Task item => Set down the data below word for word, and leave the images aside.

Provided data =>
>>>>>
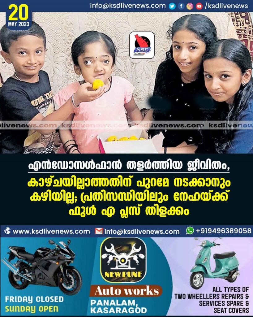 എൻഡോസൾഫാൻ തളർത്തിയ ജീവിതം, കാഴ്ചയില്ലാത്തതിന് പുറമേ നടക്കാനും കഴിയില്ല; പ്രതിസന്ധിയിലും നേഹയ്ക്ക് ഫുൾ എ പ്ലസ് തിളക്കം
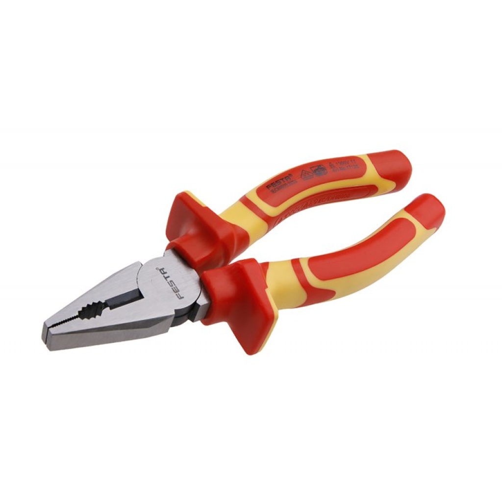 VDE kombinationstang 160 mm FESTA er elektrisk certificeret VDE 1000 V, IEC / EN 60900-2004, kombinationen af polypropylen og gummi på ergonomisk formede hænder garanterer fremragende skridsikre egenskaber og god modstandsdygtighed over for smøremidler og kemikalier. Gribekæber af særligt slidstærkt, højtydende krom-vanadium-stål. Vægt 0,283 kg.
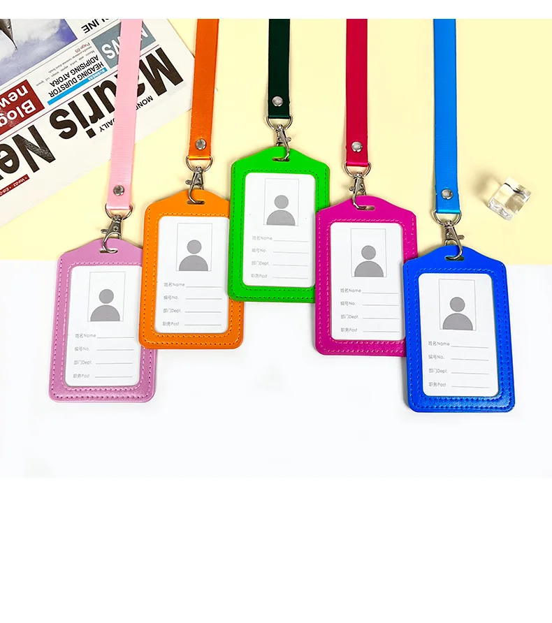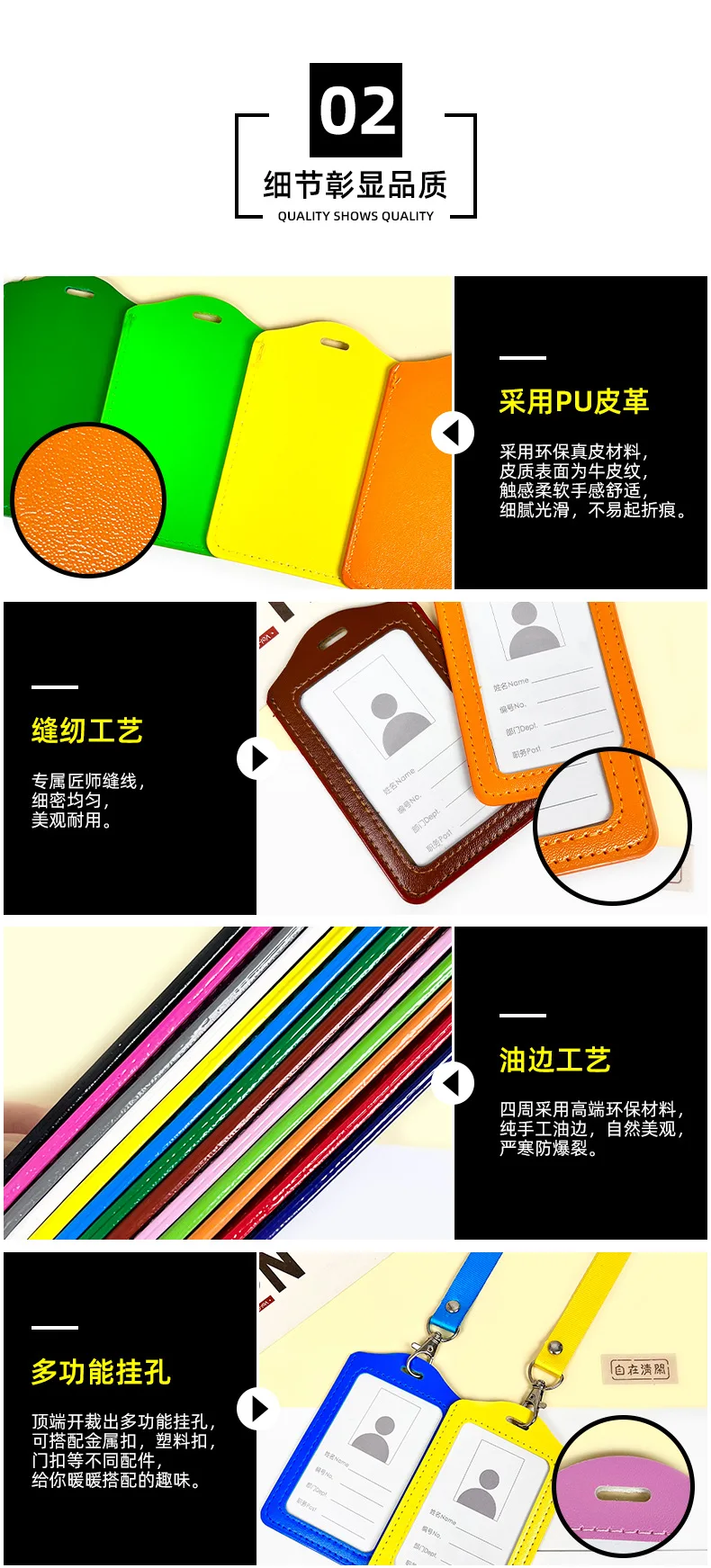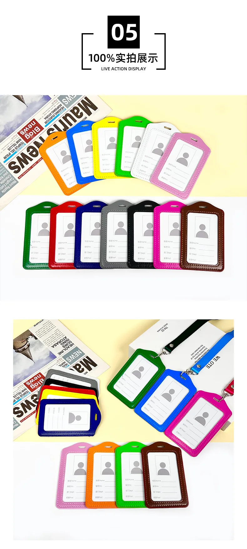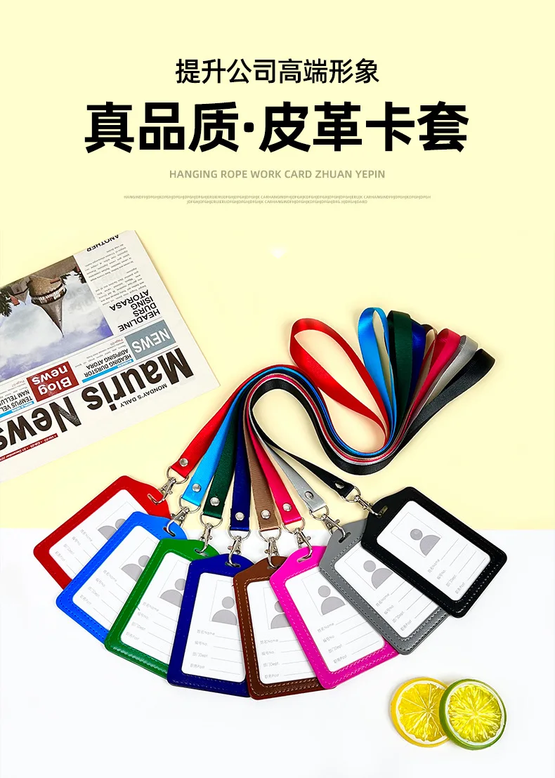 Portatarjetas de identificación de trabajo de cuero, cordón incluido, bolsa con etiqueta de nombre de cuero de vaca, estuche para tarjetas de visita de estilo minimalista Neutral
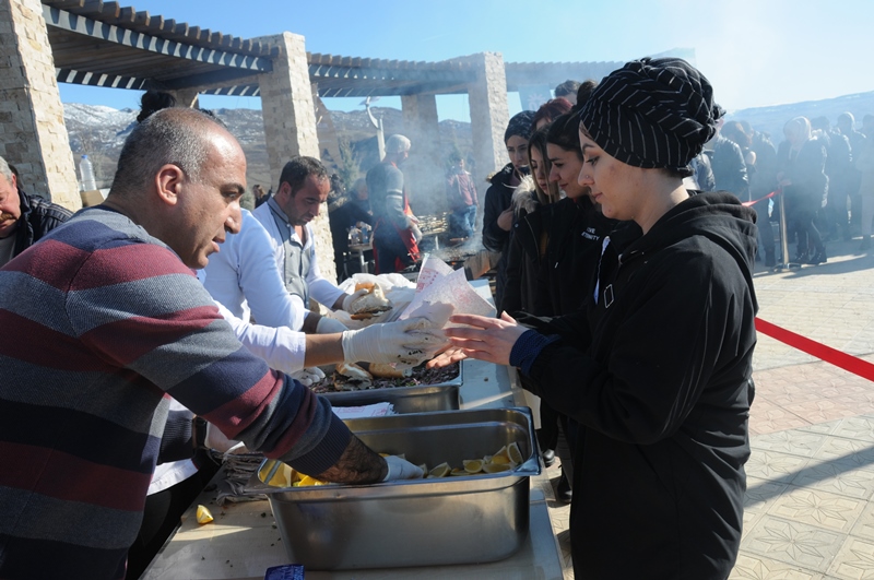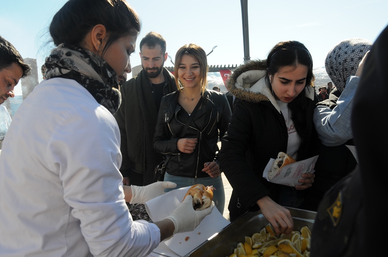 Büyük bir coşku ile gerçekleştirilen etkinlikte 550 kilogram balık hazırlanarak, uzun kuyruklar oluşturan 2500 kişilik katılımcılara ikram edildi.
<<<<<
Result of this task =>
 എൻഡോസൾഫാൻ തളർത്തിയ ജീവിതം, കാഴ്ചയില്ലാത്തതിന് പുറമേ നടക്കാനും കഴിയില്ല; പ്രതിസന്ധിയിലും നേഹയ്ക്ക് ഫുൾ എ പ്ലസ് തിളക്കം
 VDE kombinationstang 160 mm FESTA er elektrisk certificeret VDE 1000 V, IEC / EN 60900-2004, kombinationen af polypropylen og gummi på ergonomisk formede hænder garanterer fremragende skridsikre egenskaber og god modstandsdygtighed over for smøremidler og kemikalier. Gribekæber af særligt slidstærkt, højtydende krom-vanadium-stål. Vægt 0,283 kg.
 Portatarjetas de identificación de trabajo de cuero, cordón incluido, bolsa con etiqueta de nombre de cuero de vaca, estuche para tarjetas de visita de estilo minimalista Neutral
 Büyük bir coşku ile gerçekleştirilen etkinlikte 550 kilogram balık hazırlanarak, uzun kuyruklar oluşturan 2500 kişilik katılımcılara ikram edildi.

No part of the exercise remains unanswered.